Instructions for the task:
Every line from the one bearing "data area(运行时数据区组件)Native Interface(本地接口组件)。❞" through the last line of the records below is to be output exactly, and no other line; leave out the pictures.

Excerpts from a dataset
========================================================================

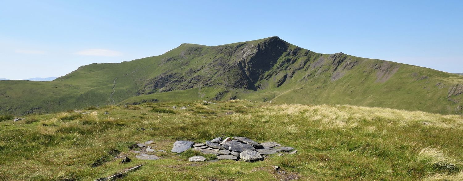 Once the main ridge is gained, follow the path slightly left to visit a well-built cairn with a splendid view.
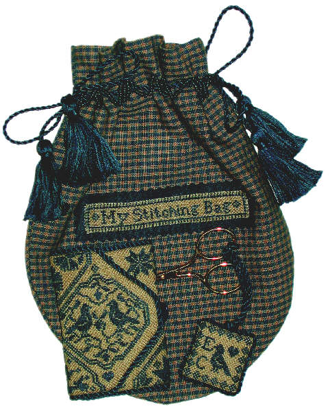 (folded here), scissors weight, and stitching bag with
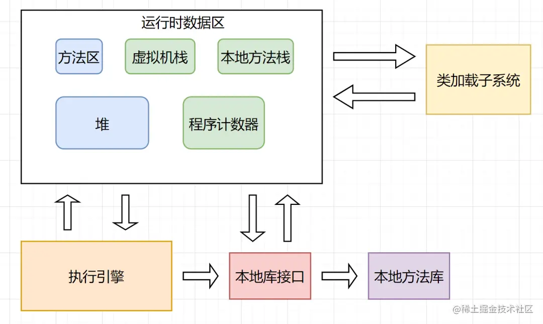 ❝Class loader(类装载子系统)Execution engine(执行引擎子系统);Runtime data area(运行时数据区组件)Native Interface(本地接口组件)。❞
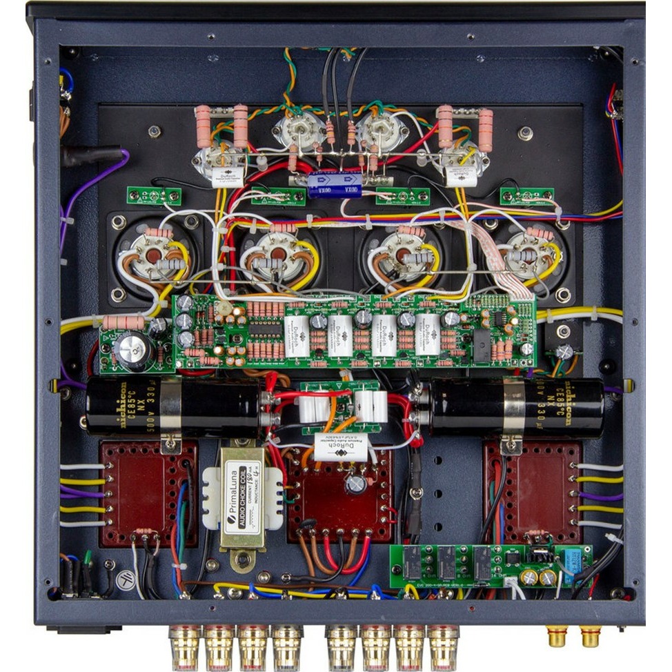 Во всех своих продуктах PrimaLuna использует навесной монтаж с пайкой проводов от точки-к-точке (Point to Point Wiring) и тщательно продуманное расположение компонентов. Весь путь сигнала, включая резисторы и конденсаторы, кропотливо пропаян вручную толстым кабелем мастерами своего дела.
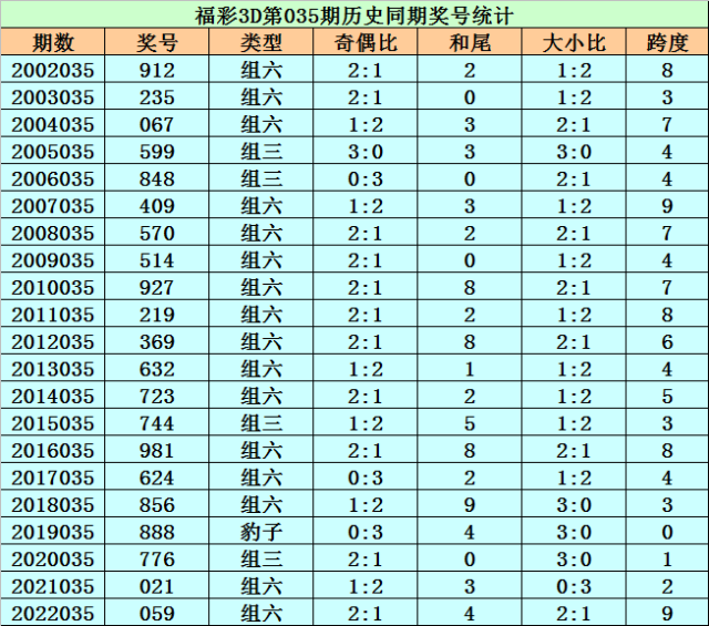 开奖回顾:福彩3D第2022035期开出奖号为059。
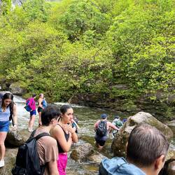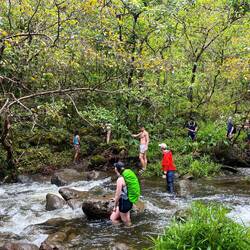 Beim Wandern zum Wasserfall war der Weg richtig gatschig und teilweise sehr mühsam zu bewandern. Darüber hinaus gab es einige Flussüberquerungen, wo man seine Schuhe ausziehen musste, damit diese nicht nass werden. Es regnete auch ziemlich immer wieder kurz, aber wir ließen uns nicht beirren und beschlossen bis ans
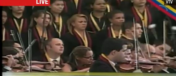Αυτή την ώρα Πρόεδροι και πρωθυπουργοί παρακολουθούν τον τραγουδιστή και την ορχήστρα να αποχαιρετούν με τη μουσική τον Πρόεδρο που αγάπησε η Βενεζουέλα.
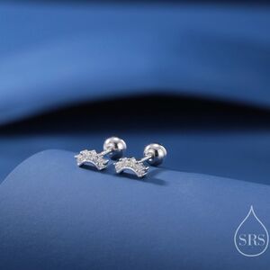 Asymmetric Blue Opal Cz Forget Me Not Flower Bouquet Internally Threaded Flat Back In Sterling Silver

========================================================================

Task response:
 ❝Class loader(类装载子系统)Execution engine(执行引擎子系统);Runtime data area(运行时数据区组件)Native Interface(本地接口组件)。❞
 Во всех своих продуктах PrimaLuna использует навесной монтаж с пайкой проводов от точки-к-точке (Point to Point Wiring) и тщательно продуманное расположение компонентов. Весь путь сигнала, включая резисторы и конденсаторы, кропотливо пропаян вручную толстым кабелем мастерами своего дела.
 开奖回顾:福彩3D第2022035期开出奖号为059。
 Beim Wandern zum Wasserfall war der Weg richtig gatschig und teilweise sehr mühsam zu bewandern. Darüber hinaus gab es einige Flussüberquerungen, wo man seine Schuhe ausziehen musste, damit diese nicht nass werden. Es regnete auch ziemlich immer wieder kurz, aber wir ließen uns nicht beirren und beschlossen bis ans
Αυτή την ώρα Πρόεδροι και πρωθυπουργοί παρακολουθούν τον τραγουδιστή και την ορχήστρα να αποχαιρετούν με τη μουσική τον Πρόεδρο που αγάπησε η Βενεζουέλα.
 Asymmetric Blue Opal Cz Forget Me Not Flower Bouquet Internally Threaded Flat Back In Sterling Silver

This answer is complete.